Reference and further reading: Granlund and Montgomery, SIGPLAN Not. (1994). Some people point me at On Newton-Raphson iteration for multiplicative inverses modulo prime powers by Dumas (2012).

Credit: Marc Reynolds asked on Twitter for an informal reference on computing the multiplicative inverse modulo a power of two. It motivated me to write this blog post. He finally wrote a decent article on the subject with many interesting remarks. ### Daniel Lemire

A computer science professor at the University of Quebec (TELUQ).

## 8 thoughts on “Computing the inverse of odd integers”

1. Sam Kramer says:

Interesting article!
Those using C++14 or newer can use the constexpr specifier to evaluate the functions at compile time:

constexpr uint64_t f64(uint64_t x, uint64_t y) {
return y * ( 2 – y * x );
}

constexpr uint64_t findInverse64(uint64_t x) {
uint64_t y = x;
y = f64(x,y);
y = f64(x,y);
y = f64(x,y);
y = f64(x,y);
y = f64(x,y);
return y;
}

1. Daniel Lemire says:

Great!

Does this work with C++11?

1. Sam Kramer says:

C++11 Solution:

constexpr uint64_t rec_f64(uint64_t x, uint64_t y, int n) {
return (n > 0) ? rec_f64(x, f64(x, y), n-1) : f64(x, y);
}

constexpr uint64_t findInverse64(uint64_t x) {
return rec_f64(x, x, 5);
}

See the following blog post to learn why this is necessary:
http://fendrich.se/blog/2012/11/22/compile-time-loops-in-c-plus-plus-11-with-trampolines-and-exponential-recursion/

2. Brian Kessler says:

In terms of applications, this came up for me recently when looking at an algorithm for exact division (remainder known to be zero).

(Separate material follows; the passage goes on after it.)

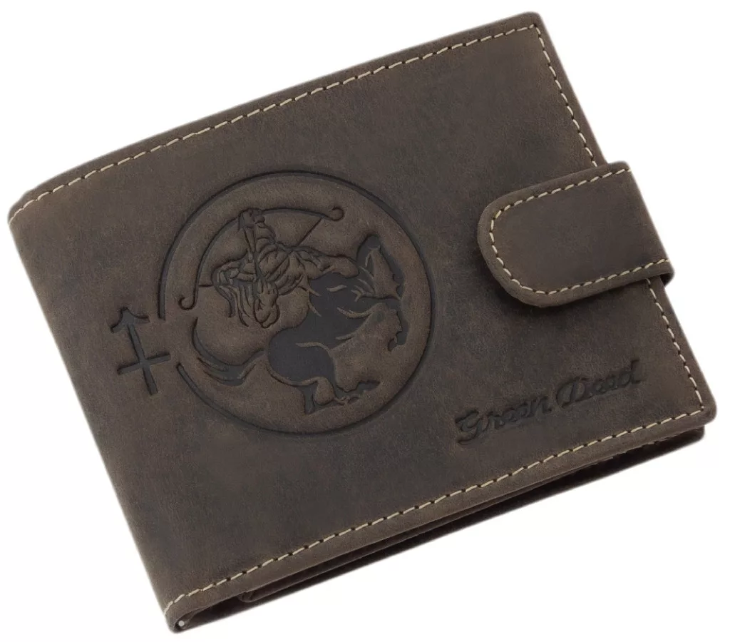 GreenDeed férfi bivalybőr pénztárca Nyilas csillagjegy mintával 12 × 9,2 cm
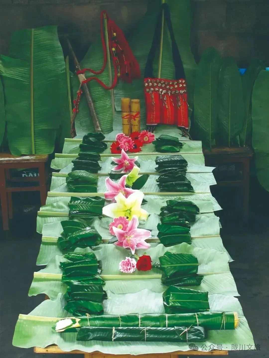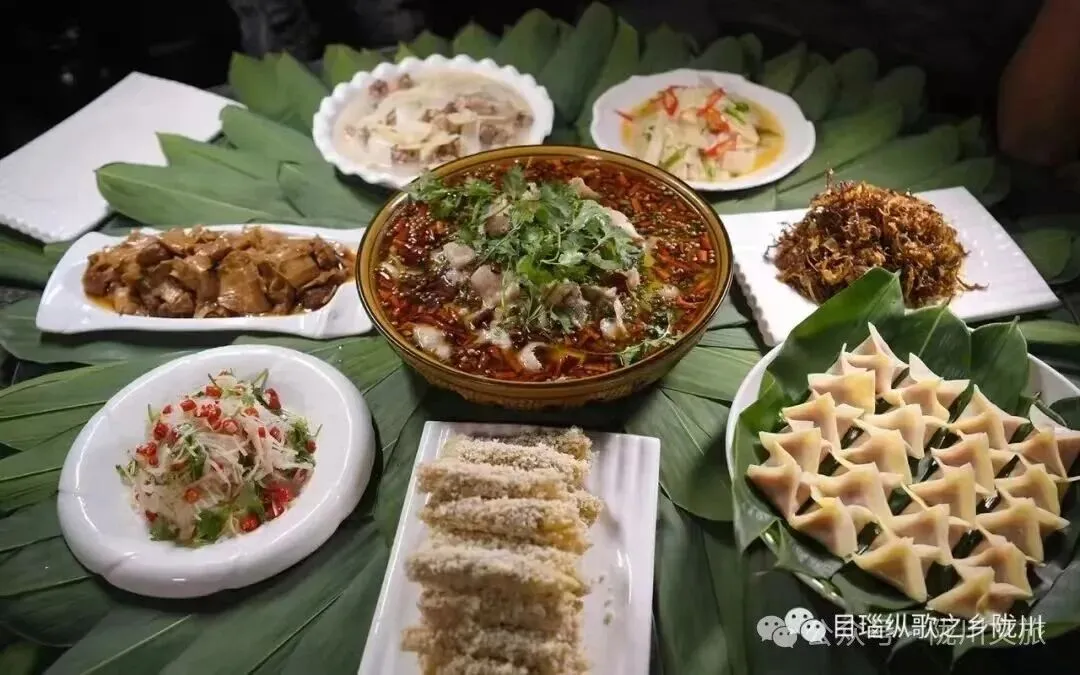 麻竹宴是陇川特有的宴席,是游客到陇川必品的一道美味佳肴。从竹的根菌,到竹笋、竹竿,再到竹的枝叶每一部分都得到充分利用,素雅醇香胞嫩,让人垂涏欲滴。主要菜品有:麻竹鸡、麻竹鱼、麻竹饺、麻竹粉蒸、红烧麻竹、凉拌麻竹、麻竹油笋等。

You can actually do a little better and get 5 correct starting bits with y = (3 * x) ^ 2 and in that case you also only need 4 iterations for the 64 bit inverse.

That’s according to “personal communication from Montgomery” from this paper: https://arxiv.org/pdf/1303.0328.pdf

3. Albert Chan says:

For older machine, this may be faster to calculate 64-bits inverse:

```static uint32_t inverse32(uint32_t a) { uint32_t x = (3*a) ^ 2; x *= 2 - a * x; x *= 2 - a * x; x *= 2 - a * x; return x; }```

``` ```

```static uint64_t inverse64(uint64_t a) // (a x) mod 2^64 = 1 { uint32_t terms, a0 = a; // a = a1<<32 | a0 uint32_t x0 = inverse32(a0); // a0 x0 = 1 terms = (uint32_t) (a >> 32) * x0; // term a1 x0 terms += ((uint64_t) a0 * x0) >> 32; // term a0 x0 / 2^32 uint32_t x1 = x0 * -terms; // a0 x1 + terms = 0 return (uint64_t) x1 << 32 | x0; // x = a^-1 mod 2^64 } ```

4. Albert Chan says:

Found an old post with formula that trebled bits accuracy per step.
For inverse32(), only 2 steps are needed.

```uint32_t inverse32(uint32_t a) { uint32_t t, x = (3*a) ^ 2; t = a * x - 1; x *= t * t - t + 1; t = a * x - 1; x *= t * t - t + 1; return x; } ```

5. LCR says:

I might be late to the party, but here’s a solution to remove some more cycles by hacking an 8bit approximation with a small table (especially efficient if you have the bextr instruction).

```uint64_t inverse64(uint64_t a) { uint8_t t[] = { 2, 174, 210, 190, 66, 174, 210, 254, 2, 46, 82, 190, 66, 46, 82, 254, }; uint64_t x; x = t[(a>>1)&15] - a; // 8bit precision x *= 2 - a * x; // 16 x *= 2 - a * x; // 32 x *= 2 - a * x; // 64 return x; } ```

1. Daniel Lemire says:

Here’s a solution to remove some more cycles by hacking an 8bit approximation with a small table

It is interesting, but I doubt that it will be much faster.